2019年に先駆けて、サムスンディスプレイはIT向けOLED事業に参入しました。昨年、サムスンディスプレイはグローバルなノートPCブランド17社と協力し、50以上のノートPC OLEDを発売しました。現在、サムスンディスプレイは5.5世代(1300x1500mm)A2リジッドOLEDラインでノートPC OLEDを生産しています。これらの製品には、OLED発光層が1層のスタックであるシングルスタック方式(Single Stack)のOLED、リジッドOLEDが適用されています。

 

市場調査会社のOmdiaによると、IT用OLED市場の売上高は2024年に25億3400万ドルから、2029年には89億1300万ドルまで、年平均成長率28.6%で成長すると予測されています。ITパネル市場でのOLEDの浸透率は、2029年には37.7%に上昇する見通しです。現在のITパネル市場でのOLEDの占有率は2〜3%に過ぎず、LCDの占有率は97〜98%です。

 

8日の搬入儀式には、サムスンディスプレイの最主先サムスンディスプレイ社長や従業員、キャノントッキ、ウォニクIPS、ファインエムテックなどの協力会社の関係者約100人が参加しました。
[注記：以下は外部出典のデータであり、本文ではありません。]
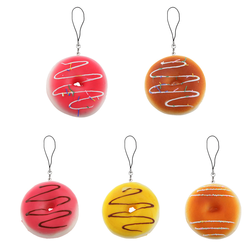 5pcs 8cm Artificial Donut Charm Pendant Cell Phone Strap Lanyard Decoration

チェ・ジュソン代表(CEO)は、「長い間蓄積してきたOLED技術を基に、モバイルに続いてIT市場の大転換を準備している」と述べ、「グローバルな協力企業との連携を基に、従業員の能力を一つに集中させて8.6世代IT OLEDの量産に最善を尽くす」と述べました。

 

3月8日に開催されたサムスンディスプレイのアサン工場での8.6世代IT OLED施設の搬入セレモニーで、左から順に、イグァンス副社長(購買チームリーダー)、チョソンスン副社長(グローバルインフラ総括)、ユファンギュ・イルジャ社長、アンテヒョク・ウォニクIPS社長、オヒョンシク・エルオティベクム社長、伊藤博之キヤノントッキ社長、ホンソンチョン・ファインエムテック会長、チェジュソン社長、イチョン副社長(中小規模事業部長)、ムンソンジュンHBT社長、イスンホ・アイシーディ社長、リビョンジュン副社長(経営支援室長)、キムギョンハン副社長(IT技術チーム長)(写真=サムスンディスプレイ)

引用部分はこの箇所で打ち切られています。